Au lieu de rejoindre la route 132 par la route de Beaumont, nous décidons de modifier notre itinéraire et de passer par La Durantaye afin de nous rendre à Saint-Michel-de-Bellechasse où nous avons l'intention de nous procurer de bonnes bouteilles de vin pour célébrer la fin de notre voyage. Erreur ! Les côtes de La Durantaye sont ardues et semblent se multiplier sans fin. De plus, il n'y a pas d'accotement et la route 281 est celle utilisée par les camionneurs pour rejoindre l'autoroute 20. Par contre, lorsque nous atteignons le sommet des côtes, une vue superbe sur le village Saint-Michel et sur l'Île d'Orléans au milieu du fleuve est la récompense suprême. Nous prenons quelques moments pour admirer ce décor magnifique et reprendre notre souffle.

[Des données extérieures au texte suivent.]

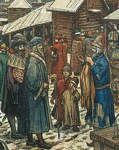 Но наибольшее распространение в Древней Руси получил «счёт сороками» («сороковицами»). Охотники за пушным зверем в Сибири вели счет «сорочками», то есть укомплектованными в мешки шкурками (как правило, 40 собольих хвостов или 40 беличьих шкурок), которые полностью уходили на пошив богатой шубы («сорочки») русского боярина XVI века. Так, в таможенной грамоте 1586 года «сороками» были посчитаны шкурки соболей и куниц, посланные в качестве платы за ведение войны с турками от царя Фёдора Ивановича австрийскому императору Рудольфу. Методика счёта была схожа со «счётом дюжинами», только вместо подсчёта фаланг считали суставы пальцев (переходы между фалангами), которых было всего 8. Если число превышало 8, то при достижении 8 считающий загибал один палец на противоположной руке. По достижении числа 40 все пальцы руки, фиксировавшей полные осьмушки, оказывались сжатыми в кулак. Следы пальцевого «счёта сороками» сохранились в народных суевериях. Например, несчастливым для охотника считался сорок первый медведь и т. д. Также словом «сороконожка» традиционно называлась любая многоножка. Выражение «сорок сороков» или «тьма» для древнерусского крестьянина символизировало некое число, превосходящее всякое воображение и собственно математические познания самого земледельца[2].

Nous nous approvisionnons pour le souper à l'épicerie du village, puis nous continuons notre route vers Beaumont jusqu'au Camping Guillemette. La jeune fille à l'accueil veut nous charger 40$ pour la nuit mais grâce au sens de la négociation de Gilles Boily, notre nouveau compagnon, il arrive à faire diminuer le prix à 28$.

Après l'installation des tentes, nous nous retrouvons tous autour de la table et dégustons avec appétit un bon spaghetti italien accompagné de fromage et de pain le tout arrosé de beaucoup de vin. Inutile de vous dire que nous étions fort joyeux, même au moment de faire la vaisselle lorsque Gilles s'est éclipsé pour aller faire un petit roupillon sous la tente.

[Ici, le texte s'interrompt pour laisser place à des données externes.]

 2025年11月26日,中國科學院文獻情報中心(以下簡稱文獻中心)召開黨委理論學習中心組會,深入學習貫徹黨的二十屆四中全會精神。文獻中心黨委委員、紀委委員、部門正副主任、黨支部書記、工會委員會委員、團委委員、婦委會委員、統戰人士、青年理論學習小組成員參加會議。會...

Pour notre dernier déjeuner, les provisions devenant de plus en plus maigres, nous tentons de faire des crêpes à la farine de sarrasin, mais cela s'est avéré un désastre. Il me faudra améliorer la recette pour la prochaine fois, si mes compagnons veulent bien me donner une autre chance pour démontrer mes talents culinaires.

Au moment de démonter les tentes, Serge cause tout un émoi. En enlevant un piquet de tente, un puissant jet d'eau surgit du sol et ne cesse de jaillir. Il réalise alors qu'il avait planté le piquet dans le tuyau d'alimentation d'eau. Il s'empresse à mettre une grosse pierre sur le tuyau pour arrêter l'inondation et nous permettre de démonter nos tentes au sec. Nous avertissons les propriétaires qui ne semblent pas trop surpris, puis nous quittons le camping.

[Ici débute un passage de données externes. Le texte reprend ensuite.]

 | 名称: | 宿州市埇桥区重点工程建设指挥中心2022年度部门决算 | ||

Ils nous restent encore plusieurs côtes à monter avant d'arriver à Lévis et rejoindre la piste cyclable le Parcours des Anses. Gilles (Aubé) et Claude semblent avoir pris goût aux côtes car il dépasse la rue St-Joseph et pédalent avec ardeur pour atteindre le sommet d'une nouvelle côte. C'est Gilles (Boily) qui se charge d'aller les rattraper et les ramener sur la bonne route. Décidément, il a des réserves d'énergie inépuisables notre ami Gilles.

Le Parcours des Anses à la hauteur de Lévis nous offre de merveilleux coups d'œil sur la ville de Québec. La vue du Château Frontenac au haut du Cap Diamant est toujours saisissante de beauté et malgré que Serge et moi ayons grandi dans ce décor, nous ressentons toujours le même plaisir à le contempler sous tous ses angles Château Frontenanc à Québec

Un voyage que nous avons commencé à trois se termine à cinq et quel plaisir se fut de partager ensemble ses moments de camaraderie, de découvertes et d'efforts. En treize jours nous avons parcouru 550 kilomètres, ce qui n'est certainement pas un record, mais sûrement une bonne moyenne de moments heureux et de souvenirs qui resteront gravés dans nos mémoires pour longtemps. Je souhaite que nous aurons encore d'autres occasions de découvrir ensemble des coins de notre pays et que Gilles (Aubé) récupérera rapidement de ses problèmes de santé survenus cet hiver.